Real-Time Monitoring of the FFT Algorithm Running on an ARM Cortex-MO Microprocessor
摘要
In recent years, there has been an increase in the number of nonlinear loads connected to the electrical system due to the use of semiconductors in various industrial and civil applications. The increased use of nonlinear loads in modern electrical power systems, in addition to the advantages they have brought to various applications, has significantly increased the high-order harmonics in both voltage and current magnitudes, negatively affecting the performance of electrical equipment and the quality of the supplied power. To address this problem, in this paper we have proposed a real-time monitoring system for high-order harmonics in voltage or current magnitudes, based on an ARM Cortex-M0 microcontroller integrated on the PSoC4 CY8C4245AXI-483 platform. The monitoring system uses a base-2 FFT (Fast Fourier Transform) algorithm for spectral analysis of voltage and current signals, in accordance with the IEC 61000-4-7 standard. The measurement platform performs high-resolution signal processing by sampling at a frequency of 1600 Hz and uses the Hamming function to estimate with considerable accuracy the frequency spectrum of the voltage and current magnitude. The calculation of the effective value and Total Harmonic Distortion (THD) is performed up to the 15th order of harmonics, enabling the identification of deviations from the ideal sinusoidal shape.

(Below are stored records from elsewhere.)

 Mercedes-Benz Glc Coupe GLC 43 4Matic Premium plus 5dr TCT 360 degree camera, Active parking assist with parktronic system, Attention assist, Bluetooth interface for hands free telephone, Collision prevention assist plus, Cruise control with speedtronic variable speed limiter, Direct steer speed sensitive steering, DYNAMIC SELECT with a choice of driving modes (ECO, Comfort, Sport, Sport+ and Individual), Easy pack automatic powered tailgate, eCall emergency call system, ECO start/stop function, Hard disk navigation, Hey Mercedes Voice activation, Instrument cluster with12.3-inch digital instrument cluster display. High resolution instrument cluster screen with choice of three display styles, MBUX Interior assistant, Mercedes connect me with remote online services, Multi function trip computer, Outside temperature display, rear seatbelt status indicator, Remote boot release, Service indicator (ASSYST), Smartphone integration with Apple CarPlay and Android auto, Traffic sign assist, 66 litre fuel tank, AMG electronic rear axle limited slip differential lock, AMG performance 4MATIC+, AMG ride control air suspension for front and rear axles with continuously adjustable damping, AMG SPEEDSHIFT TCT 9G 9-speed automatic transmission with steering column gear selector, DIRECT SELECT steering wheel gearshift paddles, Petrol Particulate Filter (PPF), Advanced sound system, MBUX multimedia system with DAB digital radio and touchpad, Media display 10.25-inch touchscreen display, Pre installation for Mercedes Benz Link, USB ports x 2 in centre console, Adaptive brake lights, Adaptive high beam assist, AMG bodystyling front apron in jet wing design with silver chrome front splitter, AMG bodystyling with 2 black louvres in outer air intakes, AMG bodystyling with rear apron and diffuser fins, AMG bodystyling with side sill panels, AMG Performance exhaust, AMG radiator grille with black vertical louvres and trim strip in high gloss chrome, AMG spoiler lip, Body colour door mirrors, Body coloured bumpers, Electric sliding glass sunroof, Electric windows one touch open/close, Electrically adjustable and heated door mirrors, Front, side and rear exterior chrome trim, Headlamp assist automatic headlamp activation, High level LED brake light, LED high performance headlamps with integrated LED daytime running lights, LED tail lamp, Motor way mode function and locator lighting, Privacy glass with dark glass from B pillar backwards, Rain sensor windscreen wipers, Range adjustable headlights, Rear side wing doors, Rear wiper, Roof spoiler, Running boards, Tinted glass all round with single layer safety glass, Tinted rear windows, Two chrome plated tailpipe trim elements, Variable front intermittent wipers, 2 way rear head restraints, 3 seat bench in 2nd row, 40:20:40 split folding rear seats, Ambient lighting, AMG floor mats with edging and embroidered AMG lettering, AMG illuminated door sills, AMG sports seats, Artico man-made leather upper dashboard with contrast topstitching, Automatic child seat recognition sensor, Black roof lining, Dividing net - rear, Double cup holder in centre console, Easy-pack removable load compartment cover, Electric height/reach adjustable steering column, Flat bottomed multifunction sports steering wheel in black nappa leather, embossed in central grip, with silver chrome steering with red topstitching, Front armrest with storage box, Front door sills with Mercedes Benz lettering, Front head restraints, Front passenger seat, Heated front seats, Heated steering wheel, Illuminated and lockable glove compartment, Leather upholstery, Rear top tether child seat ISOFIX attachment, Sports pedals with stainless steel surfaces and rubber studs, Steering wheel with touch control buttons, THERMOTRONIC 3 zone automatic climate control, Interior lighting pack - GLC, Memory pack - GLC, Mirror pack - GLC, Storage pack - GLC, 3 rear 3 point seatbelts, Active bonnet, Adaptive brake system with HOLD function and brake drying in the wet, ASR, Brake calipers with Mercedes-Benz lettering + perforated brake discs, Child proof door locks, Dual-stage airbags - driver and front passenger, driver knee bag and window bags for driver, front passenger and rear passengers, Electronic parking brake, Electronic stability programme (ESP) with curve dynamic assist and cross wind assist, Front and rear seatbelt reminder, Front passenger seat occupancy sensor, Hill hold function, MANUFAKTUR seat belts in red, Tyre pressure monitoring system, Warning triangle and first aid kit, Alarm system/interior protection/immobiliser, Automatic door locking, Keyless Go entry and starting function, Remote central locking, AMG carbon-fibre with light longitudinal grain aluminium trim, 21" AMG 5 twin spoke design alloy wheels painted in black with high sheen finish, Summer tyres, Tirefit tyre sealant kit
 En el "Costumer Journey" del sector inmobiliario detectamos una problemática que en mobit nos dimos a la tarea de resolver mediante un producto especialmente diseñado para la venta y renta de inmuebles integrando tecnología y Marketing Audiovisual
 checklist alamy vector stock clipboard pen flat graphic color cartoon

The proposed monitoring system has been tested in laboratory conditions, where comparisons with standard measuring devices (FLUKE 77III) have shown a measurement inaccuracy of less than ±5%. In laboratory conditions, different signal shapes (sinusoidal, quadratic and triangular) have been analyzed, proving the flexibility and reliability of the system under different operating conditions. Experimental results show that this system offers a low-cost, high-performance solution for power quality monitoring applications in low-voltage networks, meeting the requirements for class I measurements according to the international standard IEC 61000-4-7.